Consider the common effect triplet between *Burglary* and *Earthquake*. According to our table above, the path is inactive so the two variables are independent. Let's see:

In [18]:
print( query(Burglary, {Earthquake: F}, alarm_network) )
print( query(Burglary, {Earthquake: T}, alarm_network) )

{F: 0.999, T: 0.0010000000000000002}
{F: 0.9990000000000001, T: 0.0010000000000000002}


According to the table, observing *Alarm* will active the path and introduce a dependency between the two variables:

In [19]:
print( query(Burglary, {Alarm: T, Earthquake: F}, alarm_network) )
print( query(Burglary, {Alarm: T, Earthquake: T}, alarm_network) )

{F: 0.5152140278494068, T: 0.4847859721505931}
{F: 0.996731576412303, T: 0.003268423587696965}


What's happening here? If the alarm is going off, then something is causing. So the more probable that one cause, the *Burglary* is happening then the less likely the other cause, *Earthquake*, is also happening. 

It is important to note that **an observation of any dependent children of the common effect node will active the path**. For example:

In [20]:
print( query(Burglary, {MaryCalls: T, Earthquake: T}, alarm_network) )
print( query(Burglary, {MaryCalls: T, Earthquake: F}, alarm_network) )
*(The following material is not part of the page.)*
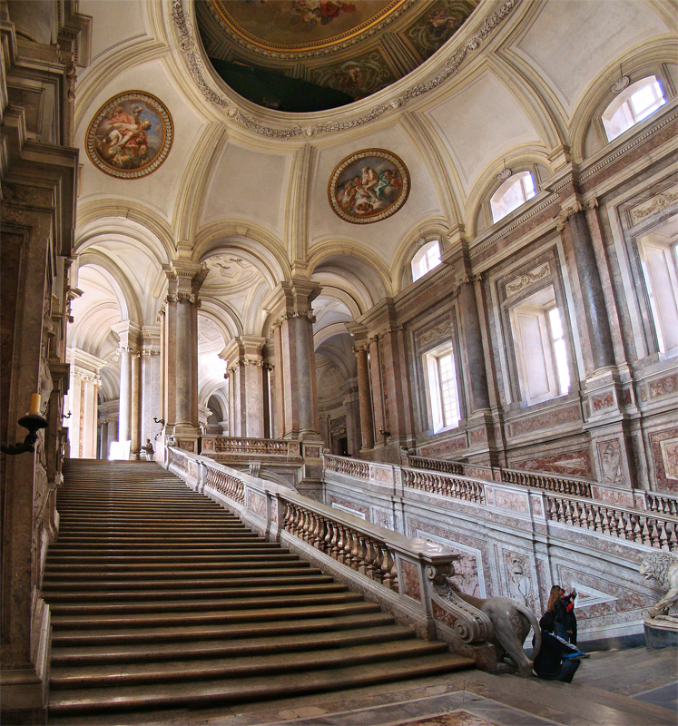 Combinando as influências de Versalhes, Roma e Toscana, o Palácio Real de Caserta – seus magníficos jardins, o complexo de San Leucio e o aqueduto de Vanvitelli – , ao norte de Nápoles, foram projetados de acordo com os desejos de Carlos de Bourbon III por Luigi Vanvitelli, um dos maiores arquitetos italianos do século XVIII. Caserta é considerada um triunfo do barroco italiano, e à frente de seu tempo. As piscinas, fontes e cascatas do jardim são alinhadas através de um ‘efeito telescópio’, estendendo-se até onde os olhos podem ver. O grande palácio, muitas vezes comparado a edifícios luxuosos como Versalhes e o Palácio Real de Madri, é um  Patrimônio Mundial da UNESCO.

{F: 0.9968393116490958, T: 0.0031606883509043226}
{F: 0.9419116927193812, T: 0.058088307280618735}


Since a call from Mary indicates an alarm might be going off, it is tantamount - as far as path activiation is concerned - to observing the alarm itself. 

### D-Separation

To check if two variables are independent, check *every* path between them. If there is an active path between the node, they are **not** independent.